I watched her move out from under the covers, they slipped away like waves out of light blue water. She seemed to be drifting toward me, like a shadow, my own shadow.

She stepped up so close, then she went down. Silent and serene, she sat at my feet and I stood there, not knowing what to do until she said, breaking the silence with her whisper.

"If I am beneath you," she breathed, her whispers like feathers drifting down from the ceiling, "would you love me again?"

How her voice trembled.

I knelt, I almost fell in my agony to reach her. In that moment, I pined for her more than I've thirsted for anything. I went down beside her and enfolded her, just then. We were quiet and no words passed between us. Just silence and then I heard her whispering softly to herself or to me, I couldn't tell. Her eyes were shut and she was shaking, but there were still no tears.

She whispered frantically as if to cast a curse with the incantation, "I am nothing. I am nothing. I am nothing. I am nothing. I am nothing."

I stared in half horror and half something else. It was just too awful. I clutched her by the waist and shoulders and held her close and I fought her incantation like a warlock would to a witch.

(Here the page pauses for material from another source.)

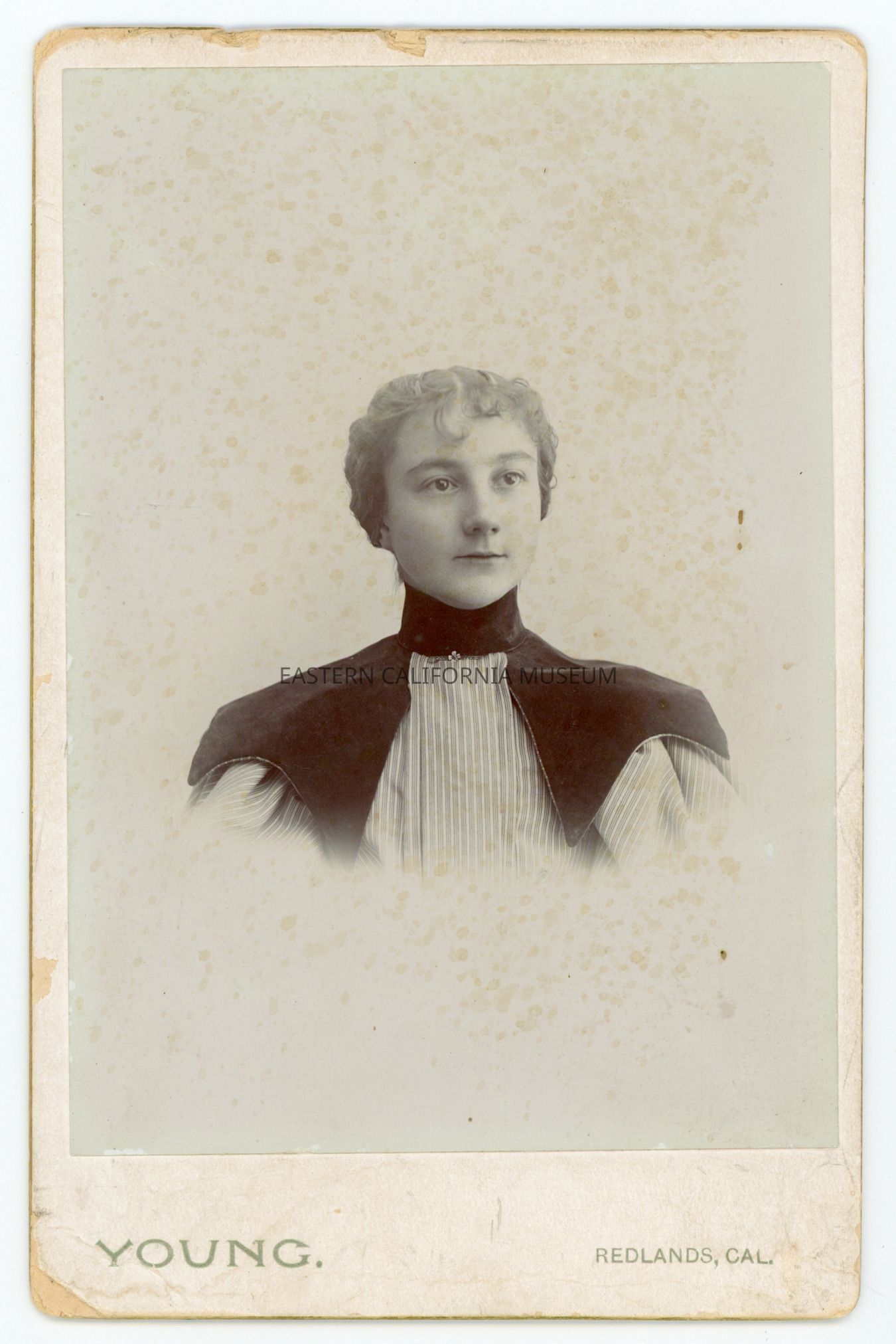 Mounted studio bust-length portrait of a woman. She is identified on the reverse as Cora Craig, whose sister married Judge Densmore. Photographer was Young of Redlands, CA.

"I love you. I love you. I love you. I love you. I love you. I love you."

Second upon second. Hour upon hour. We sat there, intertwined in some other world of sorrow and redemption and redemption won.

It was within that night and through all I felt there. My need for her, her need for me. Our love and devotion became something new and special. I was nothing for her because she was everything to me.

Through this I am redeemed.

And so, reader, I can only stop. I can lay down the pen and hope you understand. I can only hope you know what I say when I cry out to you in tears and exposed sorrow. This is what humanity is, to love or never love; to be loved or to pine for.

Then, it is…to understand death and all its devices, to experience sorrow until it seems utterly useless. Crying helps, but it is not the end.

It never ends with tears…it goes on.